PoisonedApple 27-05-2010 06:44 PM

*huggles and holds Mark's hand* Of course you didn't know all of the answers. you were anxious and had never had to undergo this process before, this is why your SW went with you. You shouldn't feel bad about that. I understand the leftover stress getting to you but you don't have to cut you can stay here with us. Have you tried drawing as a distraction method? That sometimes works.

Scarletdreamer 27-05-2010 06:50 PM

Please distract yourself, Mark... write "Love" on your arm (http://www.twloha.org) with colored pens... draw... shred newspapers... punch a soft pillow... even use a rubber band on your wrist. You can make it through this... we're here for you, love. *holds your other hand* You're a strong guy... you've just got to discover that strength within yourself.

Doikers 27-05-2010 06:50 PM

Thankyou Crimson and April :), Why am I like this ? surely if my meds were working I would not need to cut? , am angry at myself , I eat too much today from the stress of it all and that just makes me wanna beat myself up too. *Sigh* I'm gonna make a camomille tea , thats what I always suggest to people, Take my own advice .......
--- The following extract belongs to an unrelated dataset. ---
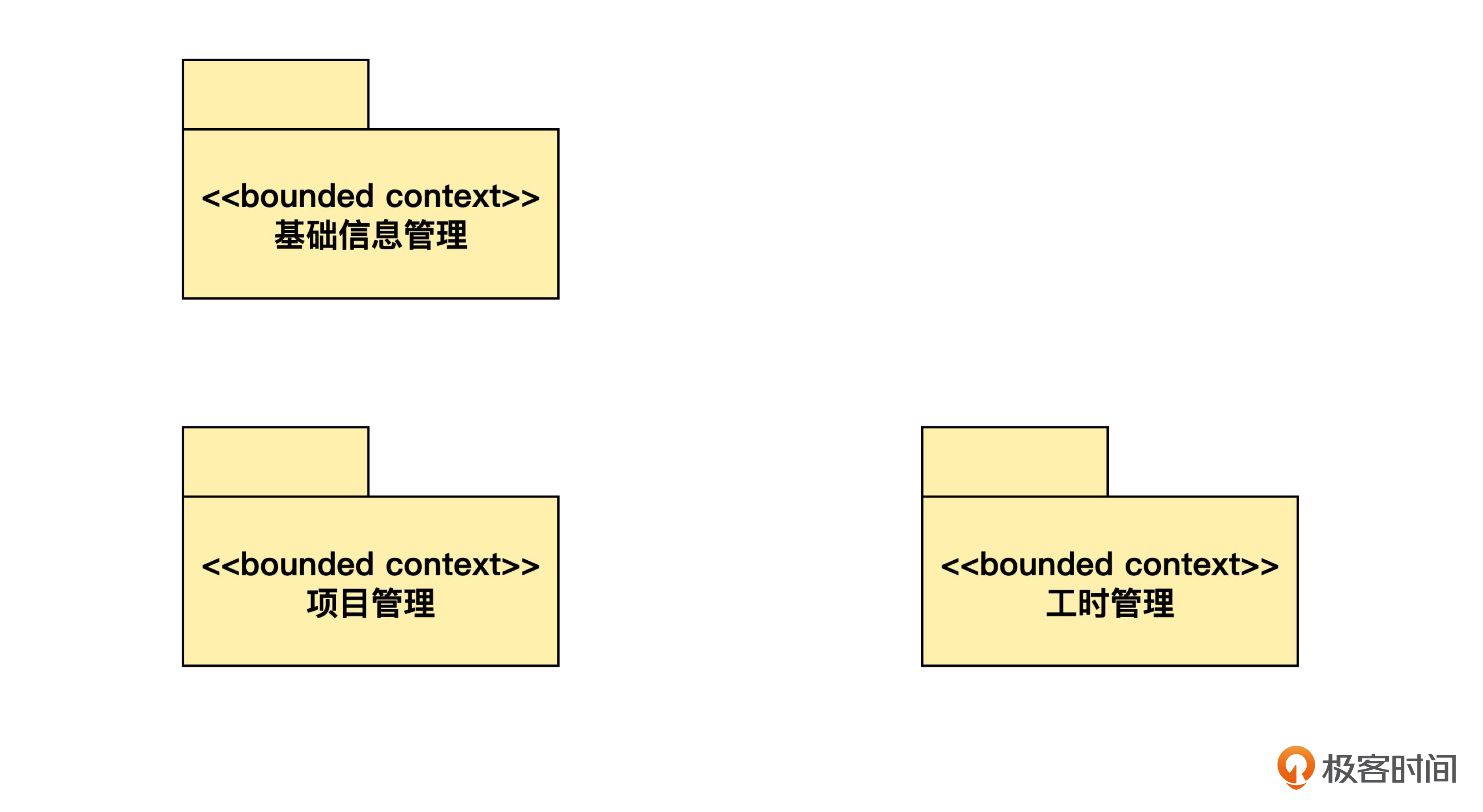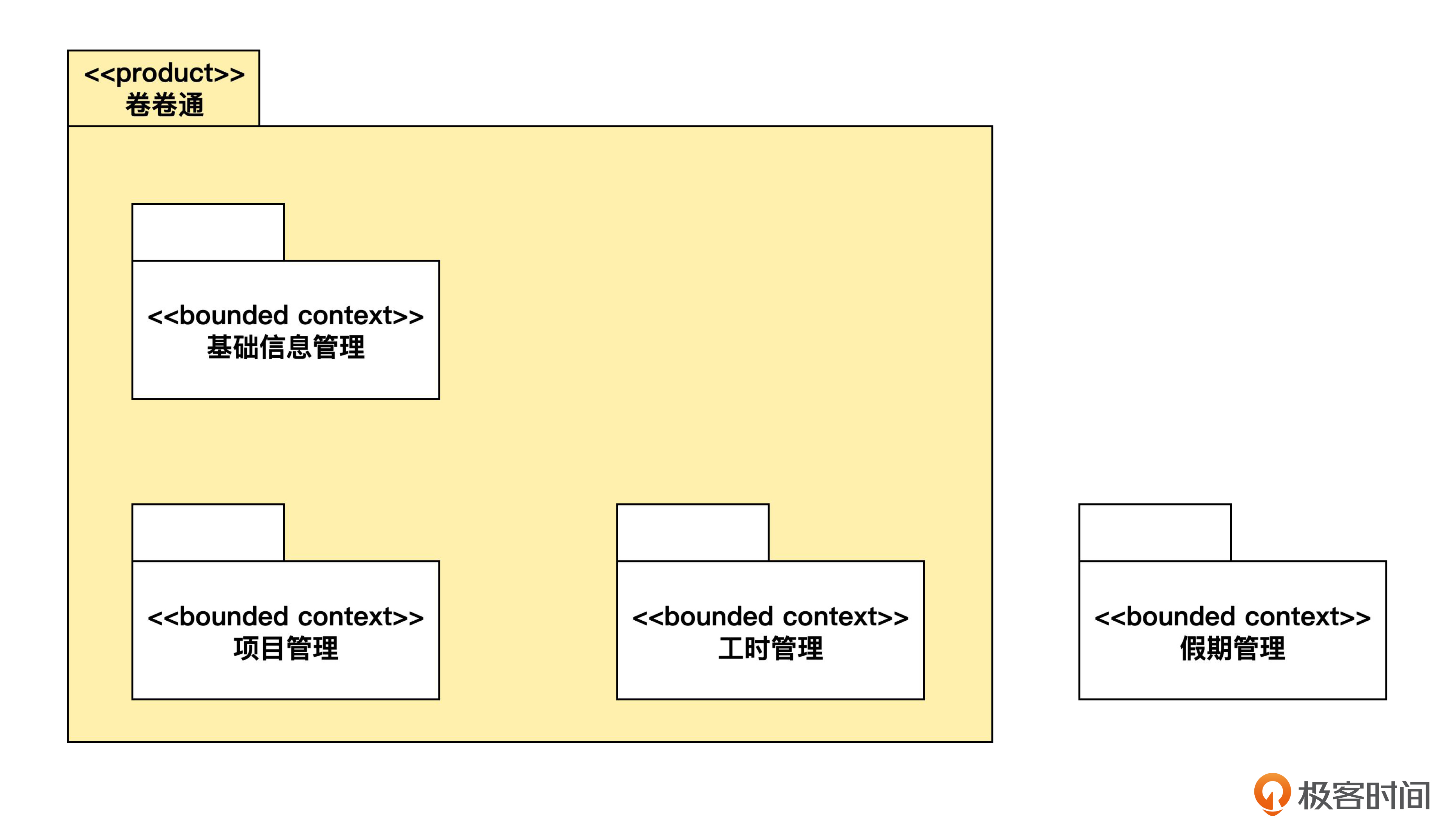 这里,你用带有 <> 衍型的包划定了我们产品的范围,并增加了假期管理这个外部的限界上下文。相应地,根据康威定律,我们可以把原来的开发团队分成 3 个小组。基础信息管理组 6 个人,项目管理组 5 个人,工时管理组 4 个人。

Scarletdreamer 27-05-2010 06:55 PM

Maybe the tea will help... I hope so!! Mint or ginger tea is also good and relaxing, if you have either of those - at least, they're relaxing to me, not necessarily to everyone I guess. Not sure. *cuddles* I'm sorry that you're feeling so **** right now, is there anything I can do??

Doikers 27-05-2010 07:03 PM

I 'm sorry I don't know if there is anything you could do , Maybe I'll go on WoW in a bit , thankyou for being here :) Thankyou to April AND Crimson.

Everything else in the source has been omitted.